Exercise directions: As an exercise, transcribe the data below in full and exactly, omitting pictures.

(Dataset extract begins)

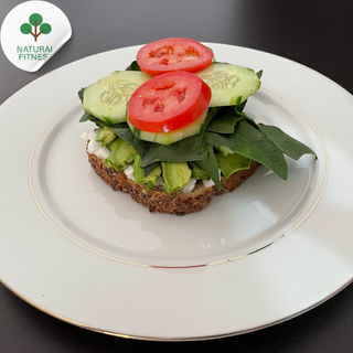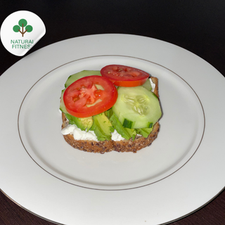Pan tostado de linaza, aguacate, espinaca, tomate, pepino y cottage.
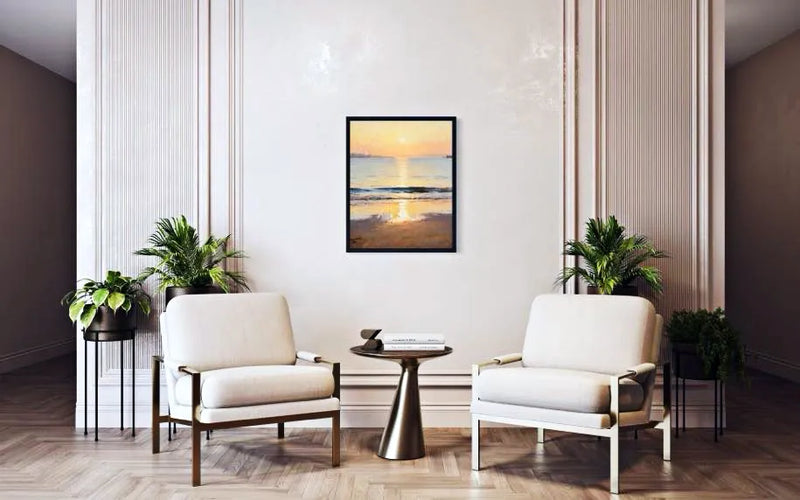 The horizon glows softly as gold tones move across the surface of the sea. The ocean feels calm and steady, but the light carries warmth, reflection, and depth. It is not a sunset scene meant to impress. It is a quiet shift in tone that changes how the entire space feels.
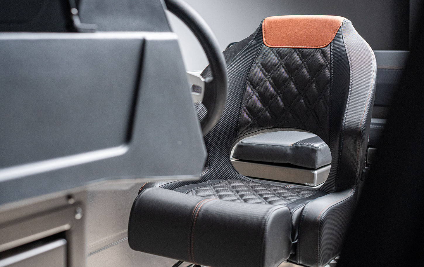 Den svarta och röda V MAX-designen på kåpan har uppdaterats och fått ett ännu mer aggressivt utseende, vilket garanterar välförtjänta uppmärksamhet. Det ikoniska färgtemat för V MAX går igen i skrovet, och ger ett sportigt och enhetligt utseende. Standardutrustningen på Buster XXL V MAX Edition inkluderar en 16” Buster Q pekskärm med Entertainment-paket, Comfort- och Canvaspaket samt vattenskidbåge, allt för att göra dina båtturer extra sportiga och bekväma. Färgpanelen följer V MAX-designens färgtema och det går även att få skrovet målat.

(Dataset extract ends)

Written solution:
Pan tostado de linaza, aguacate, espinaca, tomate, pepino y cottage.
 The horizon glows softly as gold tones move across the surface of the sea. The ocean feels calm and steady, but the light carries warmth, reflection, and depth. It is not a sunset scene meant to impress. It is a quiet shift in tone that changes how the entire space feels.
 Den svarta och röda V MAX-designen på kåpan har uppdaterats och fått ett ännu mer aggressivt utseende, vilket garanterar välförtjänta uppmärksamhet. Det ikoniska färgtemat för V MAX går igen i skrovet, och ger ett sportigt och enhetligt utseende. Standardutrustningen på Buster XXL V MAX Edition inkluderar en 16” Buster Q pekskärm med Entertainment-paket, Comfort- och Canvaspaket samt vattenskidbåge, allt för att göra dina båtturer extra sportiga och bekväma. Färgpanelen följer V MAX-designens färgtema och det går även att få skrovet målat.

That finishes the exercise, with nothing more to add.